Beside the Tithe Collector’s office, six soldiers stood with their backs to the wall, heads lowered. Two men wore the red of The Ringmaster’s soldiers; the others, three men and a woman, were in the blue of the resistance. Facing them stood The Ringmaster, a lamp raised in one hand. He kept his anger tightly contained, which only made it more frightening.
Sitting on the ground by the wall, a few feet from the soldiers, was Zach. His hands were cupped over his forehead, just like mine.
The Ringmaster saw us. ‘Simon was off duty. Four of them jumped Zach on the way back from the privy,’ he said. ‘Two of his guards were escorting him. They didn’t do their job.’ Each of his words was as tightly clenched as a fist.

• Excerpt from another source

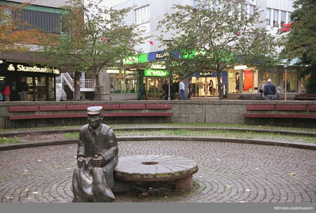 Alberts torg/Mölndals torg år 1996. Mölndalsbro i dag - ett skolpedagogiskt dokumentationsprojekt på Mölndals museum under oktober 1996. 1996_1135-1152 är gjorda av högstadieelever från Kvarnbyskolan 9D, grupp 1. Se även 1996_0913-0940, gruppbilder på klasserna 1996_1382-1405 samt bilder från den färdiga utställningen 1996_1358-1381.
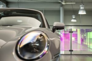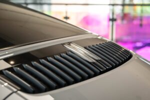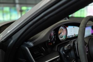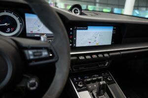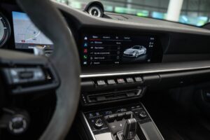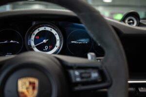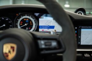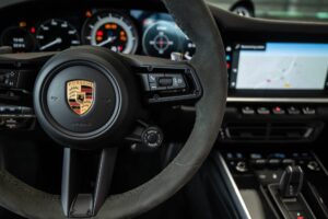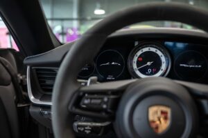 - Porsche wapen in de hoofdsteunen

‘I tried to stop them,’ said the woman. I recognised her: it was Meera, one of Simon and Piper’s senior soldiers, whom I’d spoken to often enough.
Piper stepped forward. ‘How hard did you try?’ he said.
She gave no answer. Her tunic was ripped at the neck, but there were no bruises or wounds on her – however hard she’d battled to protect her ward, it hadn’t been enough to mark her. Even while my teeth were gritted against the pain in my forehead, I didn’t think I could blame Meera. Hadn’t I swung my fist at Zach myself, only the night before?
‘If they’d got carried away,’ Piper spat, ‘Cass could be dead. You understand?’
‘Yes sir,’ Meera said, head lowered. I didn’t know whether she was hiding her contrition, or her lack of it.
The Ringmaster turned to give a dismissive glance at Zach. ‘I think no more of him than you do,’ he said to the soldiers. ‘But he’s under our protection. And any attack on him is an attack on our seer. She’s valuable to us.’
He looked carefully at each of the soldiers, memorising each face.
‘Get back to your barracks,’ he said. ‘But this isn’t over. There will be consequences for each of you.’
They left in silence. I looked at their retreating backs, red and blue tunics together. I had not wanted it to be this way; I didn’t want hatred for Zach to be the one thing that could unite our fractured army.
Piper grabbed Zach by the back of his shirt, and hauled him upright. Only then, when he came within range of The Ringmaster’s lamp, could I see what they had done to him.
They must have planned it in advance, because they’d made the brand. It lay on the dirt by the wall, just a piece of metal, crudely bent, the farrier’s tongs fallen open nearby. Zach must have struggled, so the burn sat crookedly on his forehead, a lopsided with no crossbar. It didn’t matter that it was barely intelligible – the message was clear enough. Already, one side of the Alpha symbol was a fattening blister; the other was a red indentation, black at the edges. I remembered my dream: Zach, his forehead branded like mine. When I leant in to look more closely at his wound, he flinched away.
‘Pull yourself together,’ Piper said to Zach, releasing him to stand on his own. ‘It’s only a brand, no worse than nearly every Omega gets as a child.’
He led Zach into the main hall, and let him sit down. Elsa had followed us up the hill, slow on her bowed legs; she came in now, looked at Zach with distaste, then rummaged through her medicine bag to find a salve.
‘Put it on his burn – it’ll ease the pain,’ she said, giving me the small jar. ‘For you, I mean. I couldn’t care less about him.’
On the far side of the room, the others were talking quietly and urgently around the big table; in the corner, I stood over Zach, but he didn’t meet my eyes. The salve smelled of lard and rosemary, and it was so thick that I had to rub it between my hands to warm and soften it before I could apply it Zach’s wound. He was sweating – a hot, urgent sweat of fever and panic, dampening the underarms of his shirt.